About this exercise
Transcribe the records in full, keeping every character as it is.

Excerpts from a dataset
---+---

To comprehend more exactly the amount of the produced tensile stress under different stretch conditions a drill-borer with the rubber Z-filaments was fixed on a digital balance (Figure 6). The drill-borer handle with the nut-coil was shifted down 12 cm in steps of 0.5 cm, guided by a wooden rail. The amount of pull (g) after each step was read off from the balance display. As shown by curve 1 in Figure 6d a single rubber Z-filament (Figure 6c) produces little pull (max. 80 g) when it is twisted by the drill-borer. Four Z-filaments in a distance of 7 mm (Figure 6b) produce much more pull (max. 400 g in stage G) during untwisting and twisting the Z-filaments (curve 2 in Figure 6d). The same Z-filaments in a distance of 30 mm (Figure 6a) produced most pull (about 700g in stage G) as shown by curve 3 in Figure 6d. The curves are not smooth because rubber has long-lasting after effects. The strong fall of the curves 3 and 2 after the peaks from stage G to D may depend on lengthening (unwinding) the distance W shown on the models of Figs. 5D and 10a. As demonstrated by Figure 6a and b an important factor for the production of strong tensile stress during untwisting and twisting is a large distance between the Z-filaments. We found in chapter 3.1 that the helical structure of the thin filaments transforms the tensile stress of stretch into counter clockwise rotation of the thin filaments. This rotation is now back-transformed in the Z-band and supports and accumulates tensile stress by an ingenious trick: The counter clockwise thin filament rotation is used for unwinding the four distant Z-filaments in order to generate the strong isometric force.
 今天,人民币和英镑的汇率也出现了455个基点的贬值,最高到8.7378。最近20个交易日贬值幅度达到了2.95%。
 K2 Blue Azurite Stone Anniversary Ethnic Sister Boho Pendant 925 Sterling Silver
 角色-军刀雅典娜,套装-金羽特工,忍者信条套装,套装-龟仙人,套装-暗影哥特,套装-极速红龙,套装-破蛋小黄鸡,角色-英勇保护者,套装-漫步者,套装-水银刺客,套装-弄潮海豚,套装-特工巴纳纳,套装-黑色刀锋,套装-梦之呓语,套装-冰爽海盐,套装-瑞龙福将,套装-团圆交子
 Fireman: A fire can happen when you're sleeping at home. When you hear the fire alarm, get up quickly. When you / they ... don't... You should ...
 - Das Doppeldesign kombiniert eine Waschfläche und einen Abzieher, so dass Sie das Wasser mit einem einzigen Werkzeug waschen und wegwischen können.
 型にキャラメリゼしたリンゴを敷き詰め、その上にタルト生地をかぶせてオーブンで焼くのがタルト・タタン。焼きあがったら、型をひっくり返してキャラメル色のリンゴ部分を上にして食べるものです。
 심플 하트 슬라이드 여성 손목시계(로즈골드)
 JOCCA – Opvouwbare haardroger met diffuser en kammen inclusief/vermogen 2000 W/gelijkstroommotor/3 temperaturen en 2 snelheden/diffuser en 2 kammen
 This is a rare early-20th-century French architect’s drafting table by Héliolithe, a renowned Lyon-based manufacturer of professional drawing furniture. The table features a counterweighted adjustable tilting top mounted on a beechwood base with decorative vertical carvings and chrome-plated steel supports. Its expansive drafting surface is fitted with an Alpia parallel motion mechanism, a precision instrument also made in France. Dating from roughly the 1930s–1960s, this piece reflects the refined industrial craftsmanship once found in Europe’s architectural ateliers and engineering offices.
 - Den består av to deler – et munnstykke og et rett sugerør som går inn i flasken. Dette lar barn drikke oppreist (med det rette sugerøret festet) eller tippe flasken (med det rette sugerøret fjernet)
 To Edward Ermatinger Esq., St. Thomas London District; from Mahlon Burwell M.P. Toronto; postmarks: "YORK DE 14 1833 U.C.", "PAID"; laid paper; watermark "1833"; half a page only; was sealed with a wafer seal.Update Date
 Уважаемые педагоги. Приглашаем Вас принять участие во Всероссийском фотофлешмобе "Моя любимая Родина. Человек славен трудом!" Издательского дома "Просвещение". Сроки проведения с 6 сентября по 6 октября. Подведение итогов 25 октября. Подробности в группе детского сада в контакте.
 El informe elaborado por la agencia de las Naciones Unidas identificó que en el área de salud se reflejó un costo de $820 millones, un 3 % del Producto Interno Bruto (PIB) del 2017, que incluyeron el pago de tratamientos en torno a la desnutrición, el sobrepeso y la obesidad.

---+---

Task answer
To comprehend more exactly the amount of the produced tensile stress under different stretch conditions a drill-borer with the rubber Z-filaments was fixed on a digital balance (Figure 6). The drill-borer handle with the nut-coil was shifted down 12 cm in steps of 0.5 cm, guided by a wooden rail. The amount of pull (g) after each step was read off from the balance display. As shown by curve 1 in Figure 6d a single rubber Z-filament (Figure 6c) produces little pull (max. 80 g) when it is twisted by the drill-borer. Four Z-filaments in a distance of 7 mm (Figure 6b) produce much more pull (max. 400 g in stage G) during untwisting and twisting the Z-filaments (curve 2 in Figure 6d). The same Z-filaments in a distance of 30 mm (Figure 6a) produced most pull (about 700g in stage G) as shown by curve 3 in Figure 6d. The curves are not smooth because rubber has long-lasting after effects. The strong fall of the curves 3 and 2 after the peaks from stage G to D may depend on lengthening (unwinding) the distance W shown on the models of Figs. 5D and 10a. As demonstrated by Figure 6a and b an important factor for the production of strong tensile stress during untwisting and twisting is a large distance between the Z-filaments. We found in chapter 3.1 that the helical structure of the thin filaments transforms the tensile stress of stretch into counter clockwise rotation of the thin filaments. This rotation is now back-transformed in the Z-band and supports and accumulates tensile stress by an ingenious trick: The counter clockwise thin filament rotation is used for unwinding the four distant Z-filaments in order to generate the strong isometric force.
 今天,人民币和英镑的汇率也出现了455个基点的贬值,最高到8.7378。最近20个交易日贬值幅度达到了2.95%。
 K2 Blue Azurite Stone Anniversary Ethnic Sister Boho Pendant 925 Sterling Silver
 角色-军刀雅典娜,套装-金羽特工,忍者信条套装,套装-龟仙人,套装-暗影哥特,套装-极速红龙,套装-破蛋小黄鸡,角色-英勇保护者,套装-漫步者,套装-水银刺客,套装-弄潮海豚,套装-特工巴纳纳,套装-黑色刀锋,套装-梦之呓语,套装-冰爽海盐,套装-瑞龙福将,套装-团圆交子
 Fireman: A fire can happen when you're sleeping at home. When you hear the fire alarm, get up quickly. When you / they ... don't... You should ...
 - Das Doppeldesign kombiniert eine Waschfläche und einen Abzieher, so dass Sie das Wasser mit einem einzigen Werkzeug waschen und wegwischen können.
 型にキャラメリゼしたリンゴを敷き詰め、その上にタルト生地をかぶせてオーブンで焼くのがタルト・タタン。焼きあがったら、型をひっくり返してキャラメル色のリンゴ部分を上にして食べるものです。
 심플 하트 슬라이드 여성 손목시계(로즈골드)
 JOCCA – Opvouwbare haardroger met diffuser en kammen inclusief/vermogen 2000 W/gelijkstroommotor/3 temperaturen en 2 snelheden/diffuser en 2 kammen
 This is a rare early-20th-century French architect’s drafting table by Héliolithe, a renowned Lyon-based manufacturer of professional drawing furniture. The table features a counterweighted adjustable tilting top mounted on a beechwood base with decorative vertical carvings and chrome-plated steel supports. Its expansive drafting surface is fitted with an Alpia parallel motion mechanism, a precision instrument also made in France. Dating from roughly the 1930s–1960s, this piece reflects the refined industrial craftsmanship once found in Europe’s architectural ateliers and engineering offices.
 - Den består av to deler – et munnstykke og et rett sugerør som går inn i flasken. Dette lar barn drikke oppreist (med det rette sugerøret festet) eller tippe flasken (med det rette sugerøret fjernet)
 To Edward Ermatinger Esq., St. Thomas London District; from Mahlon Burwell M.P. Toronto; postmarks: "YORK DE 14 1833 U.C.", "PAID"; laid paper; watermark "1833"; half a page only; was sealed with a wafer seal.Update Date
 Уважаемые педагоги. Приглашаем Вас принять участие во Всероссийском фотофлешмобе "Моя любимая Родина. Человек славен трудом!" Издательского дома "Просвещение". Сроки проведения с 6 сентября по 6 октября. Подведение итогов 25 октября. Подробности в группе детского сада в контакте.
 El informe elaborado por la agencia de las Naciones Unidas identificó que en el área de salud se reflejó un costo de $820 millones, un 3 % del Producto Interno Bruto (PIB) del 2017, que incluyeron el pago de tratamientos en torno a la desnutrición, el sobrepeso y la obesidad.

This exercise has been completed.